Task item: Start at the first line of the material below and retype each line through the one containing "นายภูภัคกุน อัศวโสภณ ผู้ก่อตั้งแบรนด์", exactly.

Task material:
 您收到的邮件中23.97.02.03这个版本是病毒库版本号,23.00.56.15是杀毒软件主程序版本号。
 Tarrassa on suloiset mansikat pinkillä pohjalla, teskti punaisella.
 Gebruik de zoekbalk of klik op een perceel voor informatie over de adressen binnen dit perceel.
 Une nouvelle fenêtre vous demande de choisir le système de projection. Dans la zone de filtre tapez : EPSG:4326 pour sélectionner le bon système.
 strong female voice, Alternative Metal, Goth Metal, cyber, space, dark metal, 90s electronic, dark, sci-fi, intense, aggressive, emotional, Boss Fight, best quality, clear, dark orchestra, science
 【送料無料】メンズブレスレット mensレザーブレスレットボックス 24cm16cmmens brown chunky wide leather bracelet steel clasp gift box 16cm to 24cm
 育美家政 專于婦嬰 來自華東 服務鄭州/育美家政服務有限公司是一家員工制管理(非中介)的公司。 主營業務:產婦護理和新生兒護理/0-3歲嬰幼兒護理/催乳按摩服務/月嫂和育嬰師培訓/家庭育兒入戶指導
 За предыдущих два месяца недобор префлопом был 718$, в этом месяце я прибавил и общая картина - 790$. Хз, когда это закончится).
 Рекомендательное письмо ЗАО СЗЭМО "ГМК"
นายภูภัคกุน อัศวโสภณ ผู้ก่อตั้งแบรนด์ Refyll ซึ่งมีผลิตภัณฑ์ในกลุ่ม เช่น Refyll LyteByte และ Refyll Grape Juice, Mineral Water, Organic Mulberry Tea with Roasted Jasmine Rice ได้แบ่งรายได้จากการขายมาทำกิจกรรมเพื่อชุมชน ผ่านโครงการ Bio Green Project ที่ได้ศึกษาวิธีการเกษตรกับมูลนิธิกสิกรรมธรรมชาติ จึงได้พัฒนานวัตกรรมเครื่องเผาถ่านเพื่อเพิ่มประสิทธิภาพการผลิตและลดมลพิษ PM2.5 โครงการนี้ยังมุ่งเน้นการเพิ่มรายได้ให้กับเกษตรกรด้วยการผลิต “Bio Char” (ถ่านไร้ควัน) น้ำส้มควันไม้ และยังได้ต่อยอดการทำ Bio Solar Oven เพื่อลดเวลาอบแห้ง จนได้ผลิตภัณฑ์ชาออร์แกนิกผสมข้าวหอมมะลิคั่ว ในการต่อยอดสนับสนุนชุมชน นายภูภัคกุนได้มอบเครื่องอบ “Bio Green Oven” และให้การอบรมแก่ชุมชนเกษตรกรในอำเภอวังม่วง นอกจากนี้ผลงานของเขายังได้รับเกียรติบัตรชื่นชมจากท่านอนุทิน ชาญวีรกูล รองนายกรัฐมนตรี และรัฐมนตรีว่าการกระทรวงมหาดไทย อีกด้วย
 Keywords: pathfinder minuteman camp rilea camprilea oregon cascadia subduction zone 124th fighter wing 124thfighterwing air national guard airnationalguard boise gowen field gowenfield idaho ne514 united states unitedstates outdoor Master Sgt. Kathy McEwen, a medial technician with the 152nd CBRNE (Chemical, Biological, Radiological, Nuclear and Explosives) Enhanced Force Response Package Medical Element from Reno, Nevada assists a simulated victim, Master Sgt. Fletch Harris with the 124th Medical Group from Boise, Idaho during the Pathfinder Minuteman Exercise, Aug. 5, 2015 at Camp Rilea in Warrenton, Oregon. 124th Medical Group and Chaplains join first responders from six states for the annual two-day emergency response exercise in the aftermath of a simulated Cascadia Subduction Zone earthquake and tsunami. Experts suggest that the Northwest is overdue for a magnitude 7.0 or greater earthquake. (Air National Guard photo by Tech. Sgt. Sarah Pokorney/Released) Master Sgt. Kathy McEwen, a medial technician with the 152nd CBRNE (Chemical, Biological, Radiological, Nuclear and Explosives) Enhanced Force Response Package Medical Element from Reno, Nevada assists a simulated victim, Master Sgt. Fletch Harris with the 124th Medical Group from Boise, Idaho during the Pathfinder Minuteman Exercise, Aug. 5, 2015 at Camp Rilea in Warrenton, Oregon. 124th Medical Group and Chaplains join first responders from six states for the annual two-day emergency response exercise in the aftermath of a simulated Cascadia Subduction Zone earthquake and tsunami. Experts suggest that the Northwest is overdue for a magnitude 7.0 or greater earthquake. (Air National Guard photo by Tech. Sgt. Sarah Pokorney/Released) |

Final answer:
 您收到的邮件中23.97.02.03这个版本是病毒库版本号,23.00.56.15是杀毒软件主程序版本号。
 Tarrassa on suloiset mansikat pinkillä pohjalla, teskti punaisella.
 Gebruik de zoekbalk of klik op een perceel voor informatie over de adressen binnen dit perceel.
 Une nouvelle fenêtre vous demande de choisir le système de projection. Dans la zone de filtre tapez : EPSG:4326 pour sélectionner le bon système.
 strong female voice, Alternative Metal, Goth Metal, cyber, space, dark metal, 90s electronic, dark, sci-fi, intense, aggressive, emotional, Boss Fight, best quality, clear, dark orchestra, science
 【送料無料】メンズブレスレット mensレザーブレスレットボックス 24cm16cmmens brown chunky wide leather bracelet steel clasp gift box 16cm to 24cm
 育美家政 專于婦嬰 來自華東 服務鄭州/育美家政服務有限公司是一家員工制管理(非中介)的公司。 主營業務:產婦護理和新生兒護理/0-3歲嬰幼兒護理/催乳按摩服務/月嫂和育嬰師培訓/家庭育兒入戶指導
 За предыдущих два месяца недобор префлопом был 718$, в этом месяце я прибавил и общая картина - 790$. Хз, когда это закончится).
 Рекомендательное письмо ЗАО СЗЭМО "ГМК"
นายภูภัคกุน อัศวโสภณ ผู้ก่อตั้งแบรนด์ Refyll ซึ่งมีผลิตภัณฑ์ในกลุ่ม เช่น Refyll LyteByte และ Refyll Grape Juice, Mineral Water, Organic Mulberry Tea with Roasted Jasmine Rice ได้แบ่งรายได้จากการขายมาทำกิจกรรมเพื่อชุมชน ผ่านโครงการ Bio Green Project ที่ได้ศึกษาวิธีการเกษตรกับมูลนิธิกสิกรรมธรรมชาติ จึงได้พัฒนานวัตกรรมเครื่องเผาถ่านเพื่อเพิ่มประสิทธิภาพการผลิตและลดมลพิษ PM2.5 โครงการนี้ยังมุ่งเน้นการเพิ่มรายได้ให้กับเกษตรกรด้วยการผลิต “Bio Char” (ถ่านไร้ควัน) น้ำส้มควันไม้ และยังได้ต่อยอดการทำ Bio Solar Oven เพื่อลดเวลาอบแห้ง จนได้ผลิตภัณฑ์ชาออร์แกนิกผสมข้าวหอมมะลิคั่ว ในการต่อยอดสนับสนุนชุมชน นายภูภัคกุนได้มอบเครื่องอบ “Bio Green Oven” และให้การอบรมแก่ชุมชนเกษตรกรในอำเภอวังม่วง นอกจากนี้ผลงานของเขายังได้รับเกียรติบัตรชื่นชมจากท่านอนุทิน ชาญวีรกูล รองนายกรัฐมนตรี และรัฐมนตรีว่าการกระทรวงมหาดไทย อีกด้วย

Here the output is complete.